§ **What to produce**
Each entry is to be given again word for word; images are dropped.

§ **Working data**
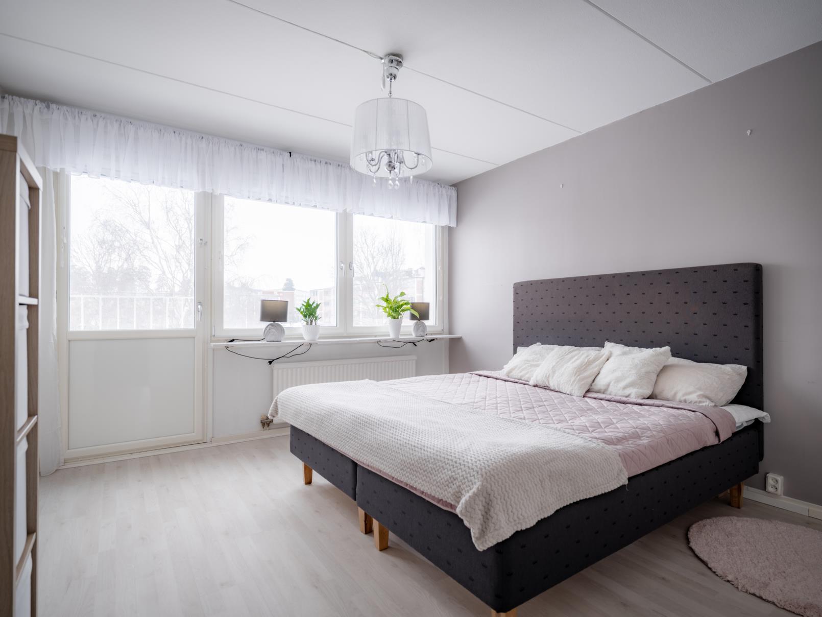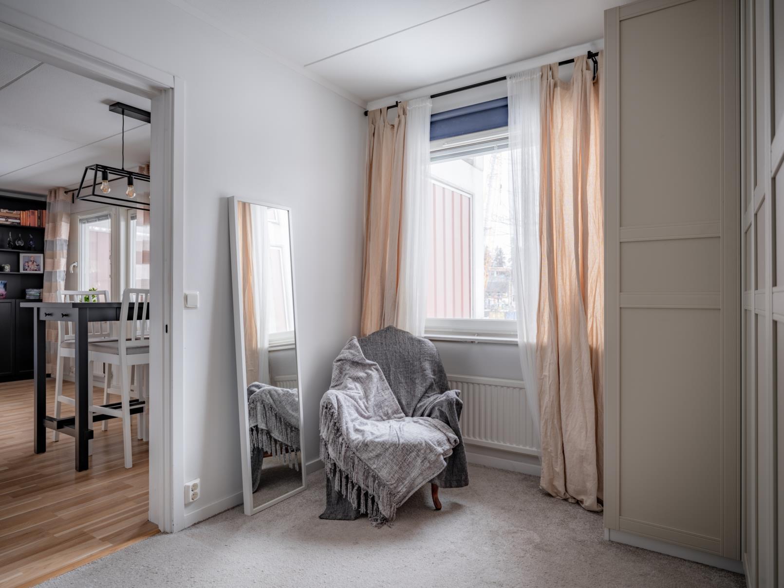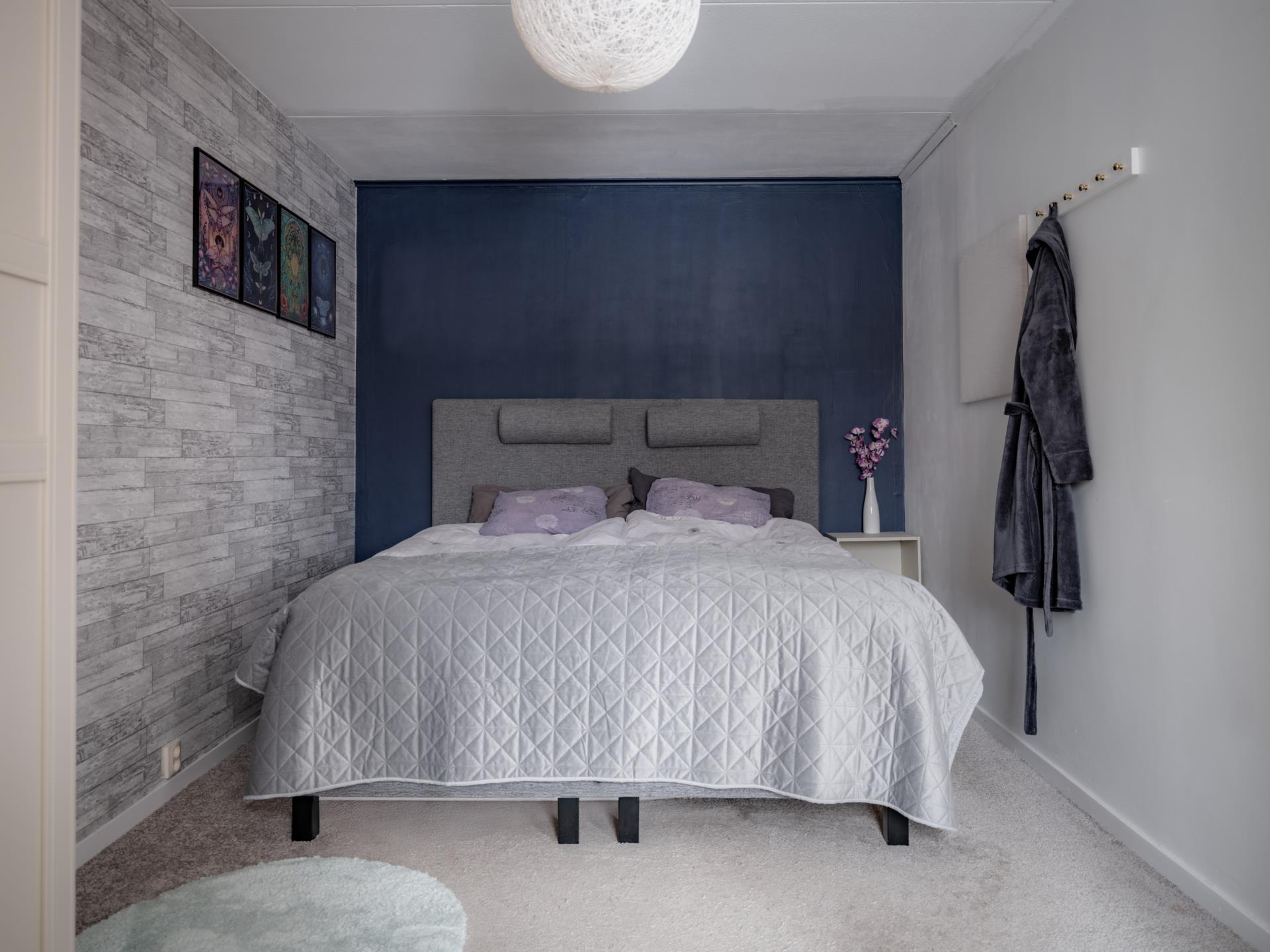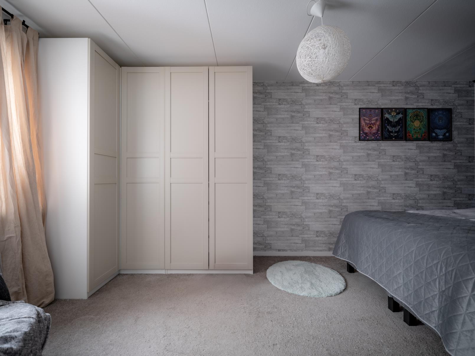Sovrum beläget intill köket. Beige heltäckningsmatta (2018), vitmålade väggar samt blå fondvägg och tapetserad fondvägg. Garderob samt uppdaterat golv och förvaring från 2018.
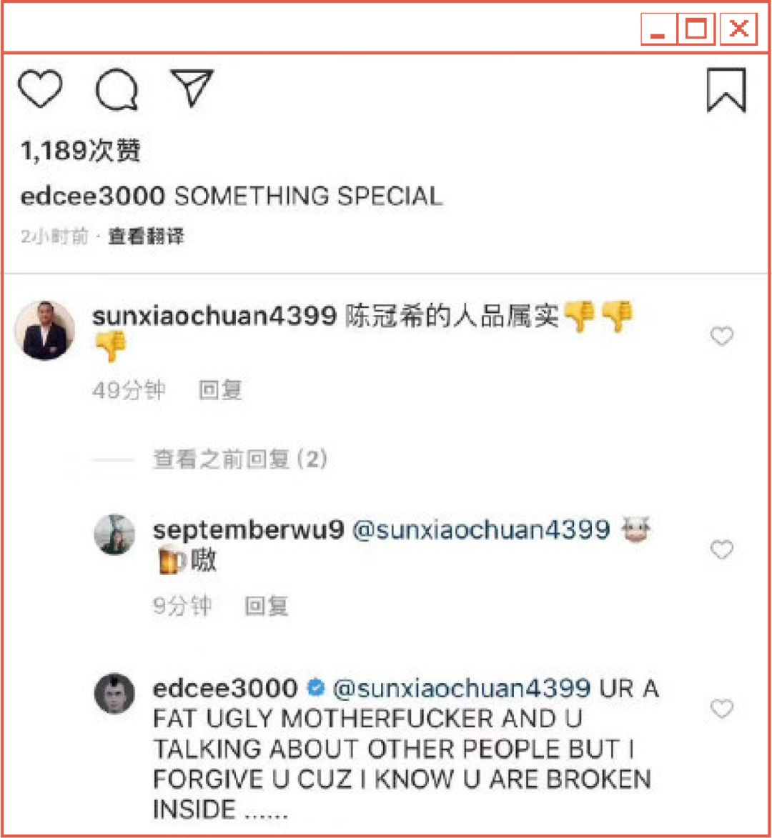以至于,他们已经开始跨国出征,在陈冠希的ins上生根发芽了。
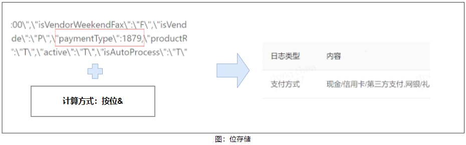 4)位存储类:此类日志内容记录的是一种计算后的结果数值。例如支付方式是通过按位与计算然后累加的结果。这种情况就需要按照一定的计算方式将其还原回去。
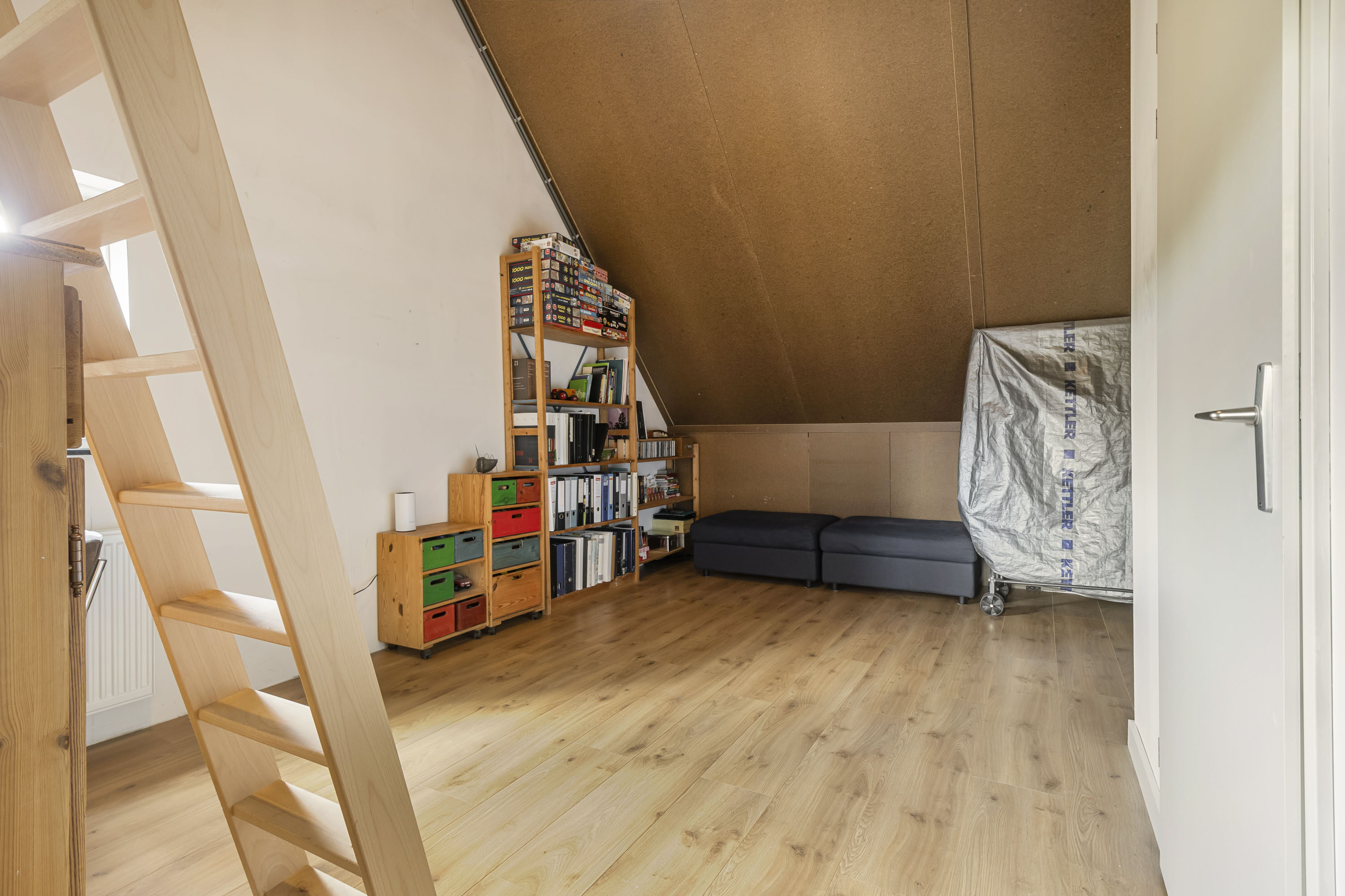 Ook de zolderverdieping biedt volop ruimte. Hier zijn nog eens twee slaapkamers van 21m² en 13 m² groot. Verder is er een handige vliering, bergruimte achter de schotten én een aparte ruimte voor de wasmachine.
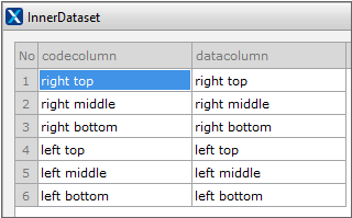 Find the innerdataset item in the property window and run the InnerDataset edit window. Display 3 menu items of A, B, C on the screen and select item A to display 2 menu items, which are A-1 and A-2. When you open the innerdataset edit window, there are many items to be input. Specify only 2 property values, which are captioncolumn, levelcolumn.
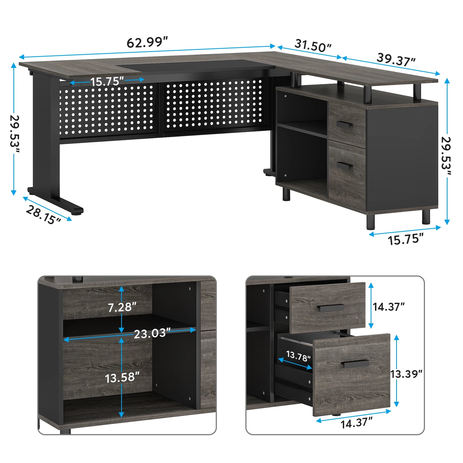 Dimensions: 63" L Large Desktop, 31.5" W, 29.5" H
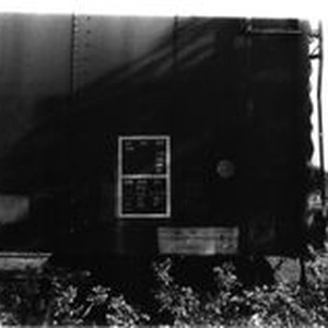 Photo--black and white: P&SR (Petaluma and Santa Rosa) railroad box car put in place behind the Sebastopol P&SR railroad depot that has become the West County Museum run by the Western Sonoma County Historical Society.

§ **Output for this task**
Sovrum beläget intill köket. Beige heltäckningsmatta (2018), vitmålade väggar samt blå fondvägg och tapetserad fondvägg. Garderob samt uppdaterat golv och förvaring från 2018.
以至于,他们已经开始跨国出征,在陈冠希的ins上生根发芽了。
 4)位存储类:此类日志内容记录的是一种计算后的结果数值。例如支付方式是通过按位与计算然后累加的结果。这种情况就需要按照一定的计算方式将其还原回去。
 Ook de zolderverdieping biedt volop ruimte. Hier zijn nog eens twee slaapkamers van 21m² en 13 m² groot. Verder is er een handige vliering, bergruimte achter de schotten én een aparte ruimte voor de wasmachine.
 Find the innerdataset item in the property window and run the InnerDataset edit window. Display 3 menu items of A, B, C on the screen and select item A to display 2 menu items, which are A-1 and A-2. When you open the innerdataset edit window, there are many items to be input. Specify only 2 property values, which are captioncolumn, levelcolumn.
 Dimensions: 63" L Large Desktop, 31.5" W, 29.5" H
 Photo--black and white: P&SR (Petaluma and Santa Rosa) railroad box car put in place behind the Sebastopol P&SR railroad depot that has become the West County Museum run by the Western Sonoma County Historical Society.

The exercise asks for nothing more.